R. G. Lee on “objective scholars”

                                                                                         Vol. XIX, No. 7, September 2007

 

 

R. G. Lee (1886-1978) pastored Bellevue BC, Memphis, for 33 eventful years from 1927 to 1960. He also served four annual terms as president of the Tennessee Baptist Convention, and three consecutive terms as SBC president. In his sermon, "Bed of Pearls" in commenting upon "objective scholars" who begun with the presupposition that there is no supernatural, he said:

 

"Down all highways, down all bypaths, we must shout the truth that in religion we have no truth but Christ, in sin no sacrifice but Calvary, in all things no authority but the Bible, and always, everywhere no confessional but the throne of grace!

"Believing all this, shall we claim fellowship with and give obedient ear to men who, bearing the university brand, claiming the authority of a self-elected scholarship, substitute a 'Thus saith the mind of man' for a 'Thus said the Lord' men who see no virgin birth in Bethlehem, men who read no deeper meaning in the Cross than heroic martyrdom, men who cannot find in Joseph's garden an empty tomb? God forbid."
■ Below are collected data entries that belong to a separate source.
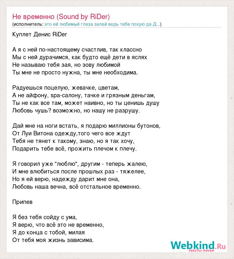 Куплет Денис RiDer А я с ней по-настоящему счастлив, так классно Мы с ней дурачимся, как будто ещё дети в яслях Не называю тебя зая, но зову любимой Ты мне не просто нужна, ты мне необходима. Радуешься поцелую, жевачке, цветам, А не айфону, spa-салону, тачке и грязным деньгам, Ты не как все там, может наивно, но ты ценишь душу Любовь чушь? возможно, но нашу не разрушу. Дай мне на ноги встать, я подарю миллионы бутонов, От Луи Витона одежду,того чего все ждут Тебя не тянет к такому, знаю, но я так хочу, Подарить тебе всё, прожить плечом к плечу. Я говорил уже "люблю", другим - теперь жалею, И мне влюбиться после прошлых раз - тяжелее, Но я ей верю, надежду дарит мне она, Любовь наша вечна, всё отстальное временно. Припев Я без тебя сойду с ума, Я верю, что всё это не временно, Я до конца с тобой, милая От тебя моя жизнь зависима.
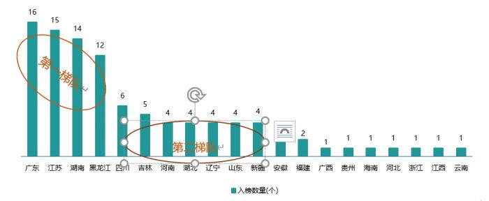 在整体榜单席次分布上,广东、江苏、湖南、黑龙江四省席次分布最广,在各个名次段内均有分布,同时这四个省位于入榜数量的第一梯队,占比接近6成。其中,广东入榜数量最多,有16席;江苏数量排在第二,有15席,湖南入榜14席,黑龙江入榜12席。
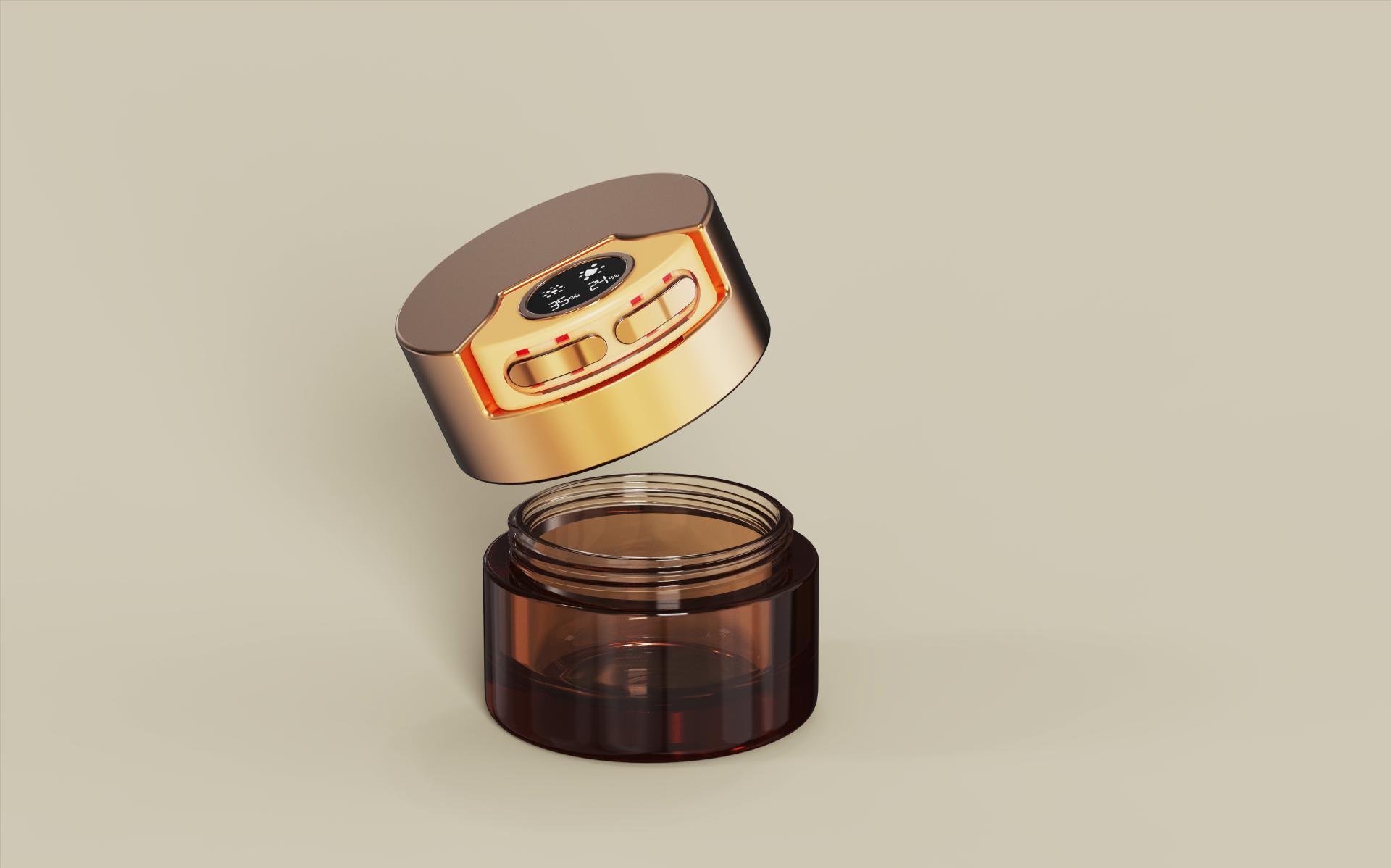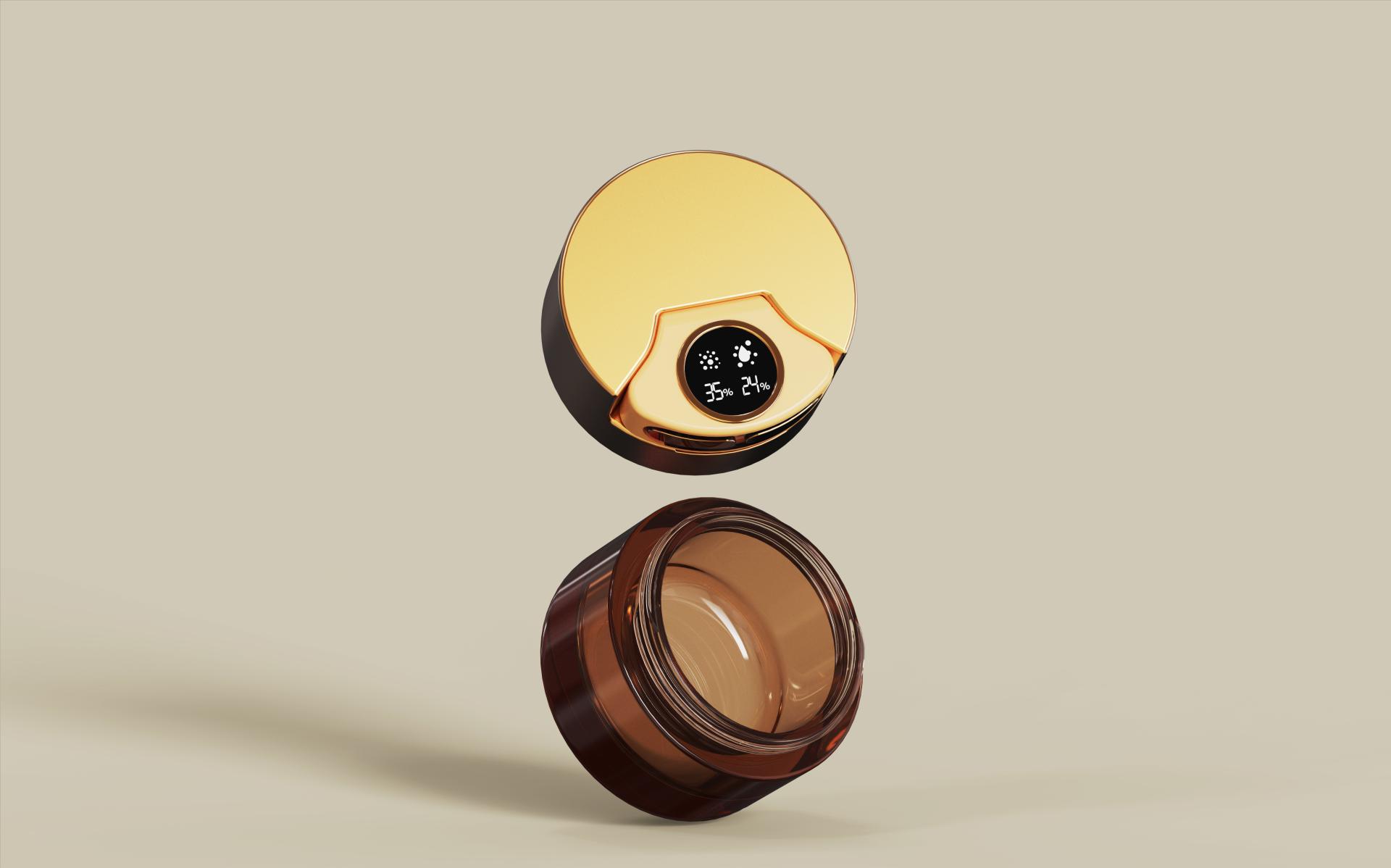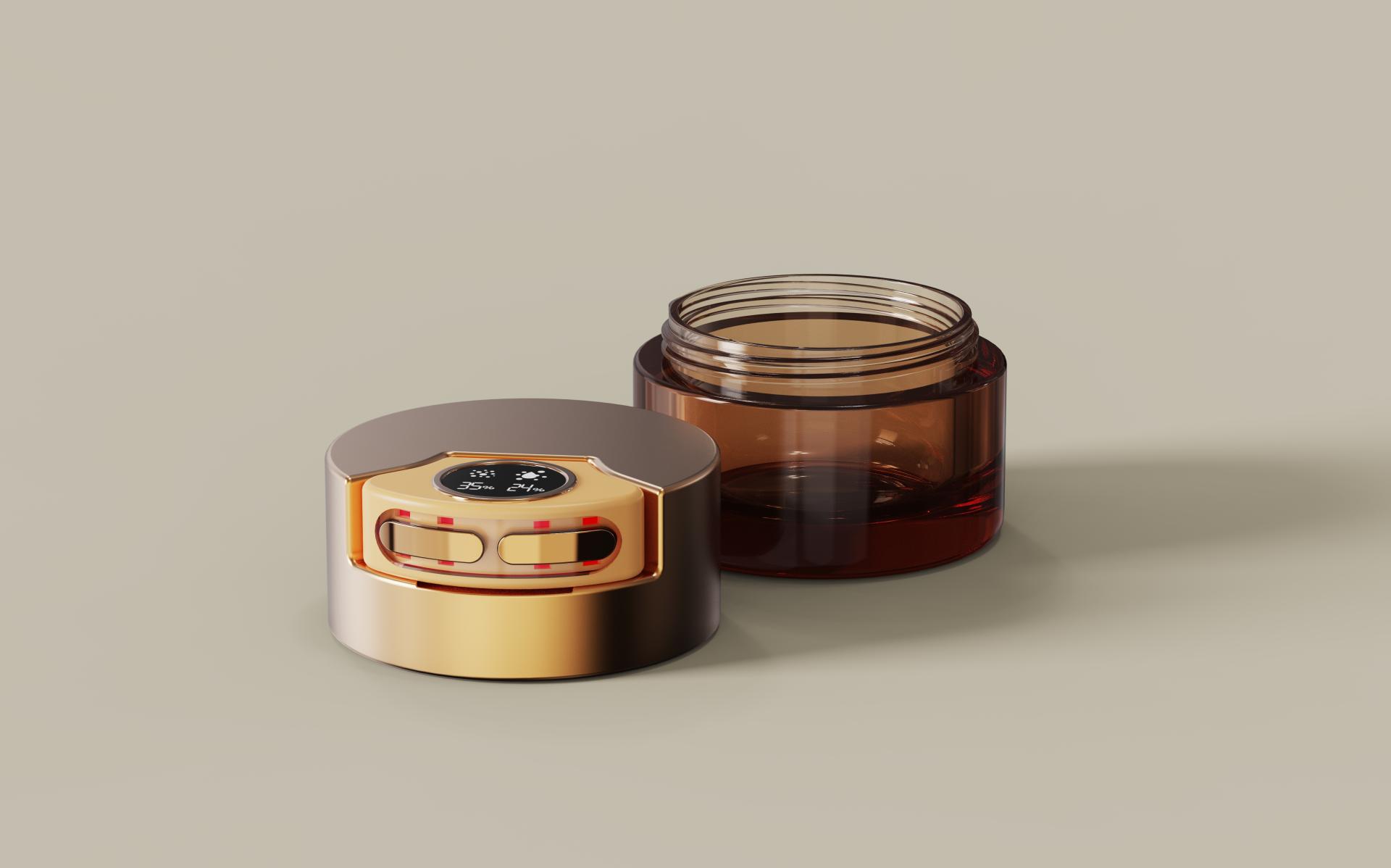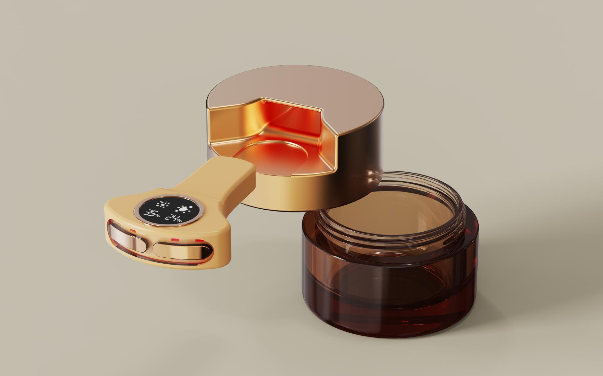The applicator charges effortlessly through the jar-integrated charging base, maintaining a clean, luxurious appearance. Designed for ease, performance, and sophistication, this device transforms a simple cream jar into a multifunctional skincare innovation, bridging beauty and smart technology.
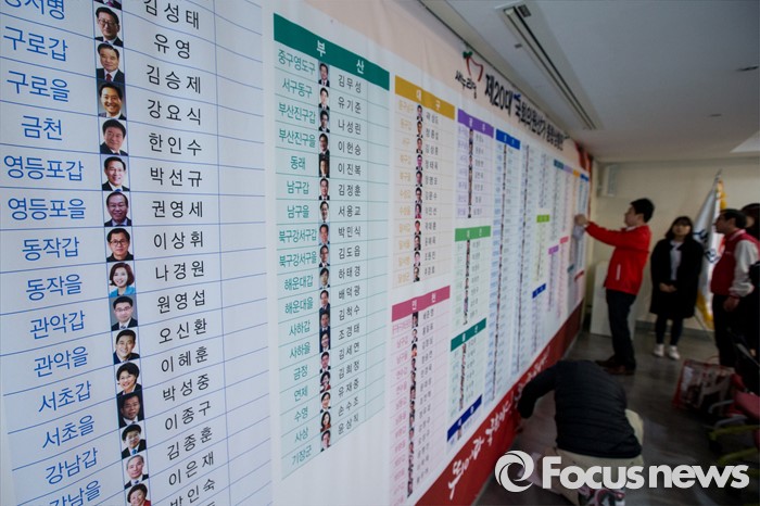 (서울=포커스뉴스) 제20대 국회의원선거를 하루 앞둔 12일 오전 서울 영등포구 새누리당사에서 관계자들이 선거상황실을 설치 하고 있다.
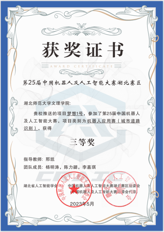 本网讯 (通讯员 邢凯)5月13日-14日,2023年湖北省人工智能大赛暨第二十五届中国机器人及人工智能大赛(湖北赛区)在武汉工程大学举行,球友会中国有限公司由邢凯老师指导,杨明涛、陈力勰、李嘉琪三名学生组成的团队荣获三等奖。
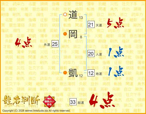 生活面を象徴する運勢です。外部から受ける影響力を表し、結婚運、家庭運や職場、環境への順応性を表します。総運から人運を引いた画数。姓や名が1文字の場合を除く。
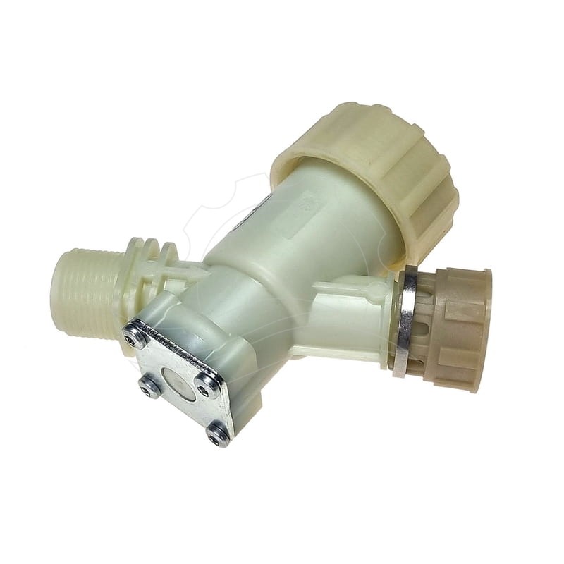 Filtr skośny niemieckiego producenta A.u.K. Müller, stosowany w myjniach Ehrle. Montowany jest przed pompą wysokociśnieniową w celu zabezpieczenia przed zanieczyszczeniami stałymi. Filtr posiada wyjmowany wkład filtrujący z siatką ze stali nierdzewnej.
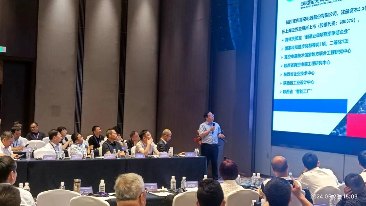 寶光股份做為蟬聯中國制造業單項冠軍企業、真空器件行業的旗艦,黨委副書記、總經理劉壯一行應邀參加論壇,副總工程師、技術中心主任李鵬代表寶光股份做了“高電壓真空滅弧室的研發與應用”的主旨報告,向與會行業專家、相關企業展示了公司近年在高電壓真空滅弧室研發上新的研究成果,進一步堅定 “真空+環保氣體絕緣”解決方案在高電壓等級場合應用的信心,得到與會專家、學者及相關企業負責人的一致肯定。
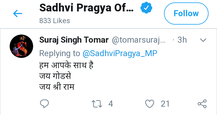 #प्रज्ञा_ठाकुर_भारत_छोड़ो#TerroristPragyaThakur - Još 1 odgovor
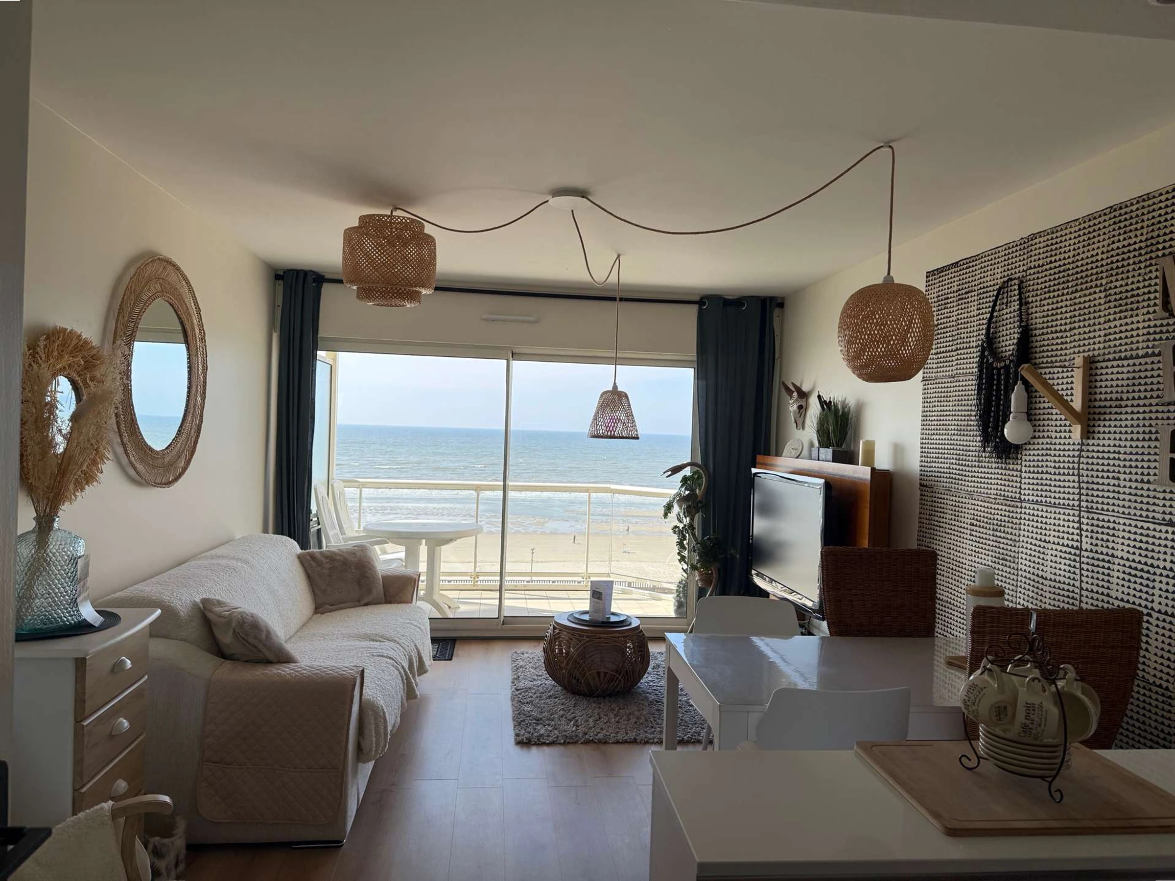 Il se compose d’un séjour lumineux avec vue mer, d’un coin cuisine équipé (dont lave-vaisselle), d’une chambre avec lit double 140, d’une salle d’eau avec cabine de douche, d’un lave-linge et de WC séparés.
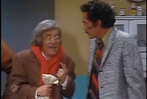 Chespirito and Chapatin perform a 'Mal Chiste' sketch, with Chespirito talking to Chapatin.
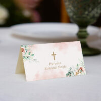 Eleganckie wizytówki, które idealnie pasują na przyjęcie komunijne dla dziewczynki.

"Philistines of transcendent cleverness submit the warm wonder of Christianity to cool and merciless analysis. Evils that would lead our greatest graces to the grave and leave no copy abound. Many fat deformities ask us to substitute for Christianity's vital bread a chunk of cloud bank buttered with the night wind. This is a day of invertebrate theology, of jellyfish morality, of India-rubber convictions, of see-saw religion, of somersault philosophy. There are spiritual latitudes as wide as the Sahara Desert and correspondingly dry. Civilization seems to be undergoing the frightful processes of self-burial. We are in danger of handing down our blood-bequeathed legacies reduced in quality and in quantity."